Downtime estimated to cost Facebook over $60 million

Facebook’s 2020 revenue was $86 billion. Experts have used this number to approximate the average loss incurred by the company yesterday at $163,565 for every minute of the outage. Over the six-hour period, this sums up to roughly $60 million in lost revenue. Another report by Fortune pinned the loss at $100 million, stating that “for many companies, a $100 million drop in revenue over any time period would be a financial event of significant concern.

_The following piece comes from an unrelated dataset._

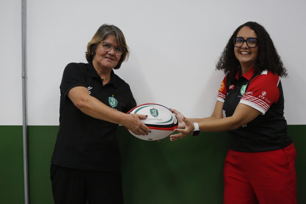 Regina Costa passa bola para Jessica Bernardino em eleição do Jacareí Rugby – Foto: Ícaro Leal/Jacareí Rugby

For Facebook, it is (for now) a drop in the bucket that investors will likely shrug off.”

More than the loss of revenue, the event also affected Facebook’s shares, which fell by 4.9 percent on Monday, translating into $47.3 billion in lost market cap.

Julian Dunn, director of product marketing at PagerDuty, helps companies address outages and told Ars, “Outages [at companies] like Facebook and Instagram mean big money for companies. Some companies are estimated to lose nearly five million dollars for every hour of the outage to their website. Although multi-hour outages are relatively rare, even short ones—15 minutes or half an hour—have an outsized impact, as impatient consumers are all too eager to leave a down site and go elsewhere. Plus, there’s a huge effect on the IT and developer teams that keep the systems running on the sites we visit every day.”

And the losses don’t end there. Some small businesses and firms had the equivalent of a “snow day” yesterday. Boutiques and shops that rely largely on social media platforms to communicate with clients, schedule appointments, and take payments were left without means to run operations.

reported that some Facebook employees could not enter the office buildings due to badge access systems also being down from the outage.

While initially cybersecurity experts had steered everyone’s attention toward Facebook’s missing DNS records, the likely cause of the disruption was later attributed to a BGP misconfiguration. An extensive analysis by Celso Martinho and Tom Strickx of Cloudflare explains how the engineers identified Facebook’s BGP routes that had been withdrawn from the Internet:

Routes were withdrawn, Facebook’s DNS servers went offline, and one minute after the problem occurred, Cloudflare engineers were in a room wondering why [our DNS service,] 1.1.1.1 couldn’t resolve facebook.com and worrying that it was somehow a fault with our systems. With those [BGP route] withdrawals, Facebook and its sites had effectively disconnected themselves from the Internet.

But what appeared to outside observers as BGP and DNS problems was actually the result of a configuration change that affected the entire internal backbone.

In a postmortem update posted yesterday, Facebook’s Janardhan stated that “configuration changes on the backbone routers that coordinate network traffic between our data centers caused issues that interrupted this communication. This disruption to network traffic had a cascading effect on the way our data centers communicate, bringing our services to a halt.”

Facebook’s services were restored by approximately 7 pm ET yesterday. The company has explicitly pointed out that the root cause of this outage was a faulty configuration change and that there is no indication at this time that any user data was compromised. Regardless, the incident is a testament to the dominance of social media and messaging platforms on various aspects of our lives and commerce, making their availability no longer optional.